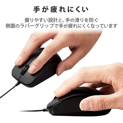 ●手に心地良くなじむ「手にぴた」設計のため、疲れにくく、握りやすい有線マウス。
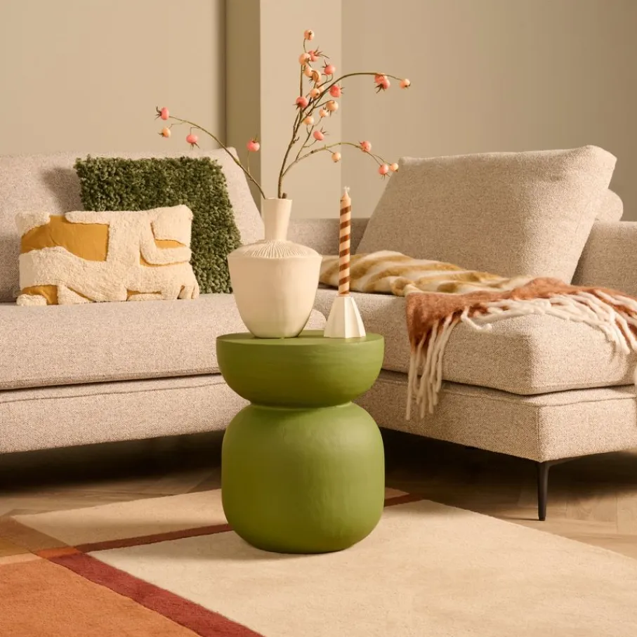 - Brengt direct sfeer in huis: Met zijn unieke, matte groene kleur en robuuste uitstraling voegt bijzettafel Bregenz meteen gezelligheid en karakter toe aan elke ruimte.
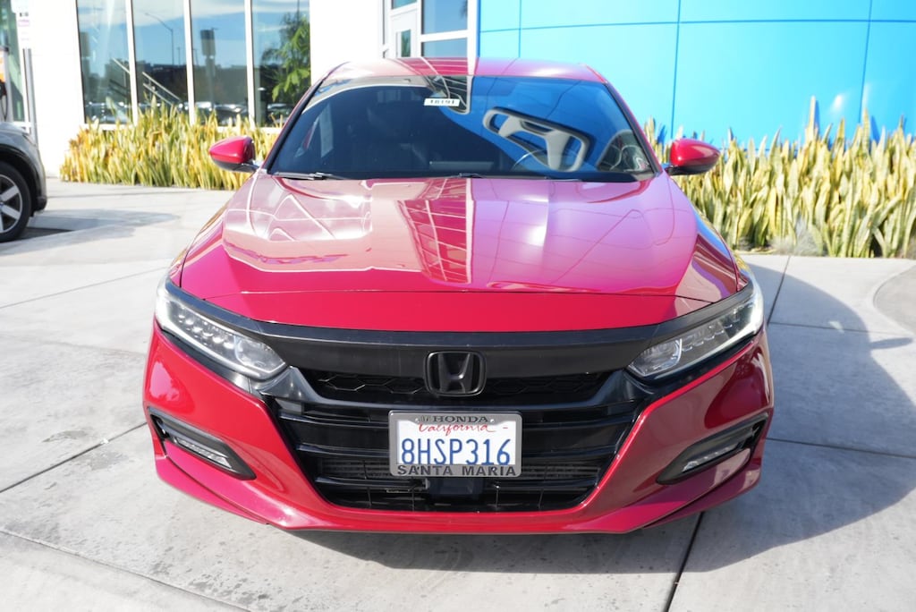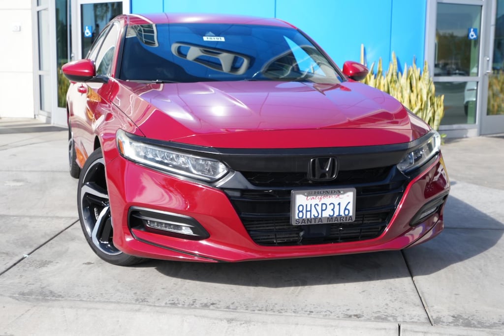 When you choose this 2018 Honda Accord Sport from Honda Santa Maria, you're not just buying a used car - you're investing in quality, reliability, and peace of mind. Located in Santa Maria, CA, we're proud to offer the best selection of certified pre-owned Hondavehicles and top-tier used cars in our local area. No Accidents! San Marino Red, Black, cloth seat trim. Forward collision mitigation is always looking ahead. Pedestrians don't always stop, look, and listen, but with Pedestrian Impact Prevention, your vehicle is equipped to better see them and avoid them. Hands-on cruise control. Set it and forget it. Road trips used to be stressful. Cruise control only managed speed, but not distance or safety. Now, with hands-on cruise control, simply set your desired speed and let sensor technology maintain a safe distance between you and surrounding vehicles. It slows you down; speeds you up and even keeps you in your own lane. Smart device mirroring brings together safety and convenience by making it easier to find what you're looking for while keeping your eyes on the road. We strive to ensure that all vehicles are properly priced, but occasionally errors may occur. Please call to confirm vehicle price and availability. Honda Santa Maria is dedicated to your satisfaction before, during, and after your purchase. We'll go the extra mile to take care of you.

_ _ _ _ _

What to do »
Since the pictures are not wanted, transcribe the rest of the listing above exactly.

Response area »
 ●手に心地良くなじむ「手にぴた」設計のため、疲れにくく、握りやすい有線マウス。
 - Brengt direct sfeer in huis: Met zijn unieke, matte groene kleur en robuuste uitstraling voegt bijzettafel Bregenz meteen gezelligheid en karakter toe aan elke ruimte.
 When you choose this 2018 Honda Accord Sport from Honda Santa Maria, you're not just buying a used car - you're investing in quality, reliability, and peace of mind. Located in Santa Maria, CA, we're proud to offer the best selection of certified pre-owned Hondavehicles and top-tier used cars in our local area. No Accidents! San Marino Red, Black, cloth seat trim. Forward collision mitigation is always looking ahead. Pedestrians don't always stop, look, and listen, but with Pedestrian Impact Prevention, your vehicle is equipped to better see them and avoid them. Hands-on cruise control. Set it and forget it. Road trips used to be stressful. Cruise control only managed speed, but not distance or safety. Now, with hands-on cruise control, simply set your desired speed and let sensor technology maintain a safe distance between you and surrounding vehicles. It slows you down; speeds you up and even keeps you in your own lane. Smart device mirroring brings together safety and convenience by making it easier to find what you're looking for while keeping your eyes on the road. We strive to ensure that all vehicles are properly priced, but occasionally errors may occur. Please call to confirm vehicle price and availability. Honda Santa Maria is dedicated to your satisfaction before, during, and after your purchase. We'll go the extra mile to take care of you.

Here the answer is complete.